RZ mengajukan permohonan perlindungan ke Lembaga Perlindungan Saksi dan Korban (LPSK). Pengajuan itu dibenarkan langsung oleh Wakil Ketua LPSK, Edwin Partogi. Kata Edwin, LPSK telah menerima permohonan tersebut.

"Sudah ada, baru siang ini permohonannya masuk dari satu orang korban," kata Edwin saat dikonfirmasi wartawan, Minggu, 25 Februari 2024.

Edwin menjelaskan pihaknya membutuhkan waktu setidaknya 30 hari untuk memproses pengajuan permohonan perlindungan tersebut. Waktu itu dihitung dari diterimanya permohonan perlindungan oleh LPSK.

Pihak korban pun sudah bersurat kepada beberapa lembaga terkait lainnya, Kementerian Pendidikan, Kebudayaan, Riset, dan Teknologi (Kemendikbud Ristek RI), Lembaga Layanan Pendidikan Tinggi (LLDIKTI), hingga Komnas Perempuan.
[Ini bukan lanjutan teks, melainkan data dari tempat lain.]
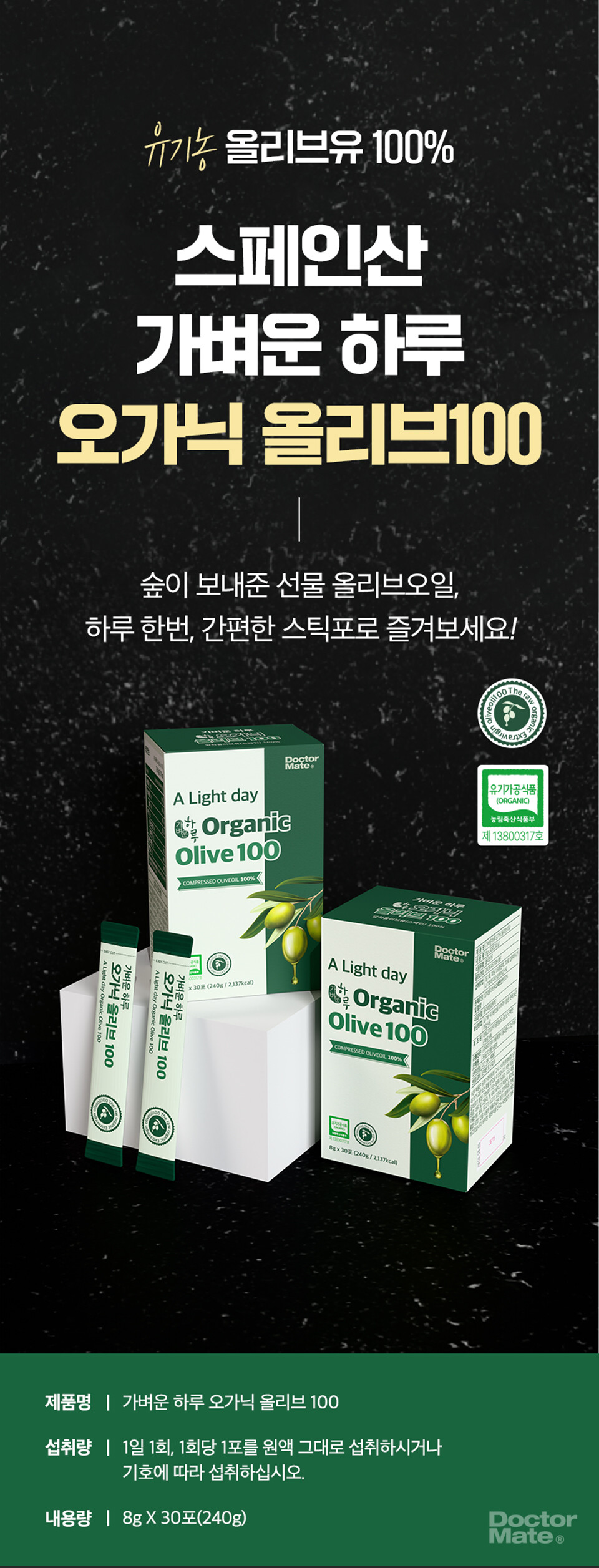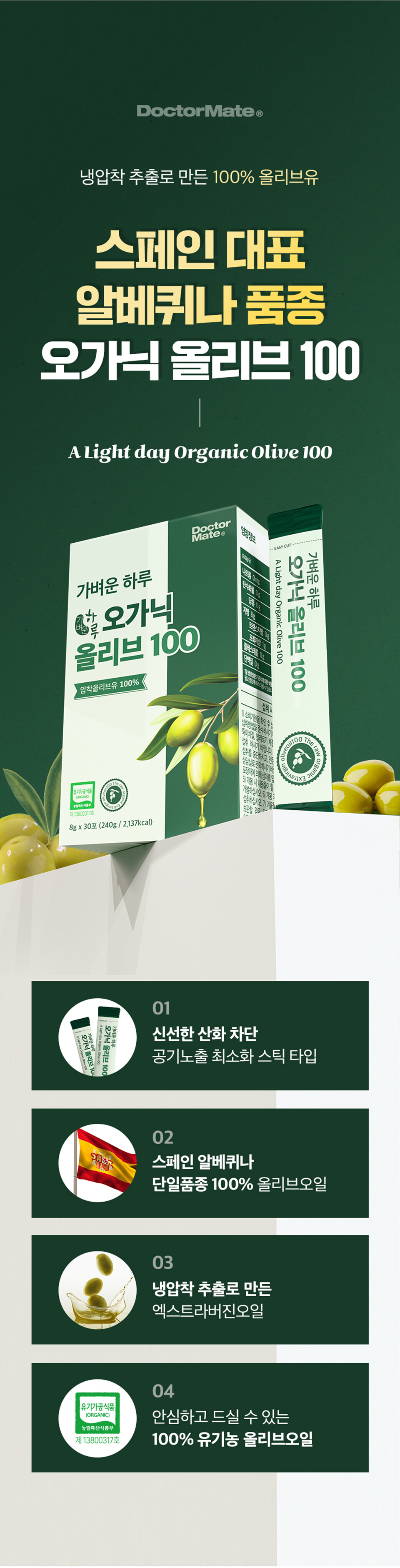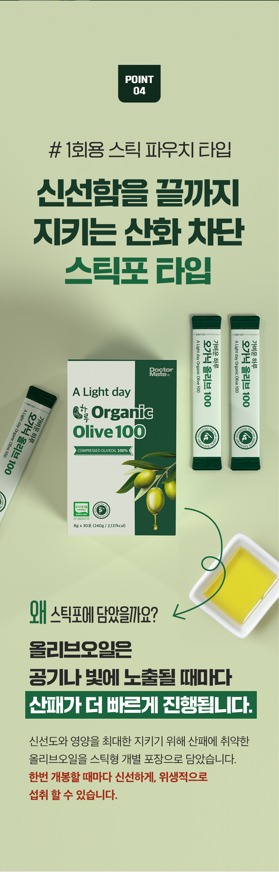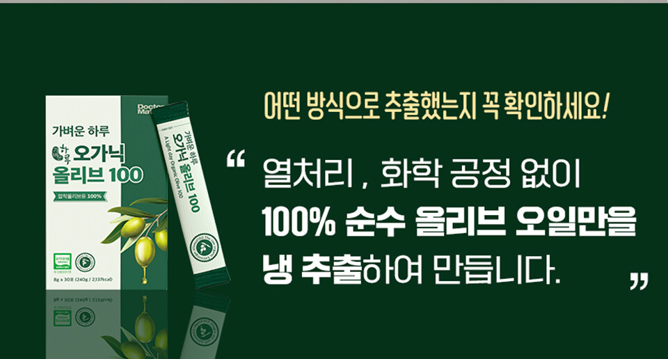 (육아크루 회원 전용) [닥터메이트] 1포 600원 | 스페인산 냉압착추출 엑스트라버진 올리브오일 스틱형 | 가벼운하루 오가닉 올리브 100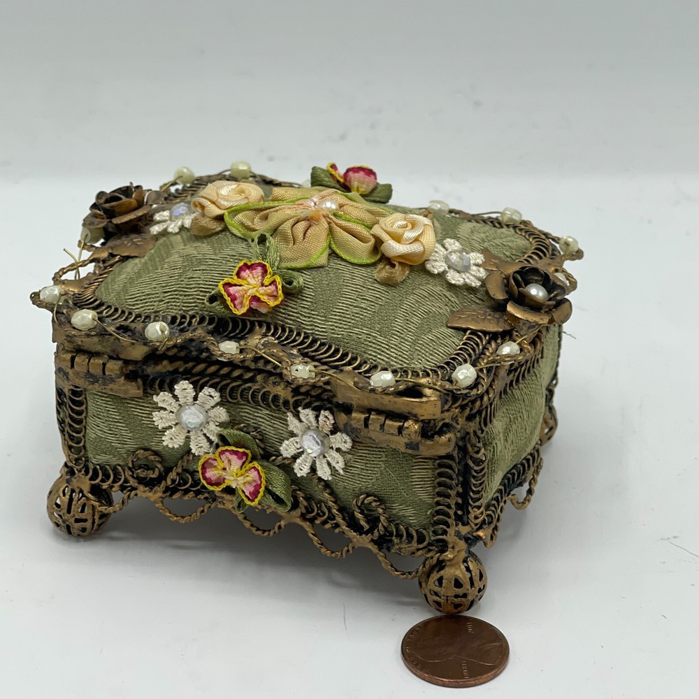 Antique charming piece Measures 3" x 2.5" x 2" Metal scrollwork with fabric flowers throughout. Please use pictures as an inclusive part of the description. Colors can vary on monitors. Happy to combine shipping with other items currently listed. We happily ship internationally. We are celebrating 22+ years on eBay & are happy to offer many varied items for collectors & consumers alike. New items listed daily.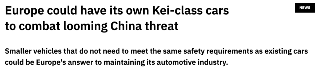 为了做到这一点,欧洲将目光放在了中国老头乐身上。但他们又不好意思直接说要做老头乐,于是声称,将“学习”日本Kei车(轻型车)范式。

Menurut Amanda Manthovani, Klienya meminta perlindungan ke LPSK karena khawatir dengan relasi kuasa di lingkungan Universitas tersebut.

6. Kemendikbud Ristek selidiki kasus dugaan pelecehan seksual oleh rektor UP

Kemendikbud menanggapi dugaan kasus pelecehan seksual di UP, untuk turun tangan dan turut mengawasi kasus tersebut melalui inspektorat jenderal.

"Berdasarkan laporan masyarakat, kasus tersebut sudah ditangani inspektorat jenderal," ucap Direktur Jenderal Pendidikan Tinggi, Riset, dan Teknologi, Nizam kepada wartawan, Minggu, 25 Februari 2024. 

Nizam mengatakan, Kementerian melakukan tindak lanjut berdasarkan Permendikbudristek tentang Pencegahan dan Penanganan Kekerasan Seksual (PPKS). Tindak lanjut ini juga kata Nizam dilakukan bersama dengan stakeholder terkait. 

"Kementerian melakukan tindak lanjut sesuai Permendikbudristek tentang PPKS. Biasanya bersama dengan LLDIKTI dan Badan Penyelenggara Perguruan Tinggi," ungkapnya

7. ETH meminta pemeriksaan kasus ditunda

ETH, tidak menghadiri panggilan polisi terkait kasus dugaan pelecehan seksual yang dituduhkan kepadanya, ketidakhadiran ETH ini diungkapkan oleh kuasa hukumnya.

"Pada hari ini, klien kami Prof ETH sedang berhalangan hadir dalam Pemeriksaan di Subdit Renakta Polda Metro Jaya," ujar pengacaranya, Raden Nanda Setiawan, Senin 26 Februari 2024.

Alasannya, ETH sudah ada jadwal sebelum surat undangan dari polisi diterima. Raden menambahkan, pihaknya sudah mengirim surat permohonan penundaan pemeriksaan ke polisi. Namun, belum diketahui kapan pemeriksaan ulang akan dilakukan.